Task to carry out.
Print every entry below again. Nothing may differ from the original.

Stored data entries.
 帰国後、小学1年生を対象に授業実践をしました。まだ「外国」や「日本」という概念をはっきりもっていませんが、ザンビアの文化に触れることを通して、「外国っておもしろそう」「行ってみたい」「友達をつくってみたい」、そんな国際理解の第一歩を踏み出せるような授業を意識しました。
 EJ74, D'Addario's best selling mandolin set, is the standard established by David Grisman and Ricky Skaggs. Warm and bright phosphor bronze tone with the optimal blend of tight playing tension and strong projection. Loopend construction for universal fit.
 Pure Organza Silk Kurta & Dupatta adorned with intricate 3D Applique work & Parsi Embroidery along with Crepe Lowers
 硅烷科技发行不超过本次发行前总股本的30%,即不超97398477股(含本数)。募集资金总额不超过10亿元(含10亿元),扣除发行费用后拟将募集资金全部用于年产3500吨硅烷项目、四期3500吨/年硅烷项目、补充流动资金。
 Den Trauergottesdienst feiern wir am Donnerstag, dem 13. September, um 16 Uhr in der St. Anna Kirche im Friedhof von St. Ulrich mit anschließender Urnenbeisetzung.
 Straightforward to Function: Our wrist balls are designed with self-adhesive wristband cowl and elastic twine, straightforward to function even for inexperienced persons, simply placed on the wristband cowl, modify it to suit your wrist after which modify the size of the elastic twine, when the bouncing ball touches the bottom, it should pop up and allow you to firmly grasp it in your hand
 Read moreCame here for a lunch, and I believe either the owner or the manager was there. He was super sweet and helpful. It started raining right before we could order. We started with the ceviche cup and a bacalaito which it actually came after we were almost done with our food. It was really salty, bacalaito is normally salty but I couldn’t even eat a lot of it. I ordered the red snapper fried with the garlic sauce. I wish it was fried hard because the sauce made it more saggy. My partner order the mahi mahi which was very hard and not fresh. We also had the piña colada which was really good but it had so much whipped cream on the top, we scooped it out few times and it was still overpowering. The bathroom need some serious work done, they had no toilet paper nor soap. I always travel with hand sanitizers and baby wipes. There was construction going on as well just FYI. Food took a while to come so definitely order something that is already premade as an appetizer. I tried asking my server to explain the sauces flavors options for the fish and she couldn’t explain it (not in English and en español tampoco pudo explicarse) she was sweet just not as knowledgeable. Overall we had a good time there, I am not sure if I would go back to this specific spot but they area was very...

Exercise result.
 帰国後、小学1年生を対象に授業実践をしました。まだ「外国」や「日本」という概念をはっきりもっていませんが、ザンビアの文化に触れることを通して、「外国っておもしろそう」「行ってみたい」「友達をつくってみたい」、そんな国際理解の第一歩を踏み出せるような授業を意識しました。
 EJ74, D'Addario's best selling mandolin set, is the standard established by David Grisman and Ricky Skaggs. Warm and bright phosphor bronze tone with the optimal blend of tight playing tension and strong projection. Loopend construction for universal fit.
 Pure Organza Silk Kurta & Dupatta adorned with intricate 3D Applique work & Parsi Embroidery along with Crepe Lowers
 硅烷科技发行不超过本次发行前总股本的30%,即不超97398477股(含本数)。募集资金总额不超过10亿元(含10亿元),扣除发行费用后拟将募集资金全部用于年产3500吨硅烷项目、四期3500吨/年硅烷项目、补充流动资金。
 Den Trauergottesdienst feiern wir am Donnerstag, dem 13. September, um 16 Uhr in der St. Anna Kirche im Friedhof von St. Ulrich mit anschließender Urnenbeisetzung.
 Straightforward to Function: Our wrist balls are designed with self-adhesive wristband cowl and elastic twine, straightforward to function even for inexperienced persons, simply placed on the wristband cowl, modify it to suit your wrist after which modify the size of the elastic twine, when the bouncing ball touches the bottom, it should pop up and allow you to firmly grasp it in your hand
 Read moreCame here for a lunch, and I believe either the owner or the manager was there. He was super sweet and helpful. It started raining right before we could order. We started with the ceviche cup and a bacalaito which it actually came after we were almost done with our food. It was really salty, bacalaito is normally salty but I couldn’t even eat a lot of it. I ordered the red snapper fried with the garlic sauce. I wish it was fried hard because the sauce made it more saggy. My partner order the mahi mahi which was very hard and not fresh. We also had the piña colada which was really good but it had so much whipped cream on the top, we scooped it out few times and it was still overpowering. The bathroom need some serious work done, they had no toilet paper nor soap. I always travel with hand sanitizers and baby wipes. There was construction going on as well just FYI. Food took a while to come so definitely order something that is already premade as an appetizer. I tried asking my server to explain the sauces flavors options for the fish and she couldn’t explain it (not in English and en español tampoco pudo explicarse) she was sweet just not as knowledgeable. Overall we had a good time there, I am not sure if I would go back to this specific spot but they area was very...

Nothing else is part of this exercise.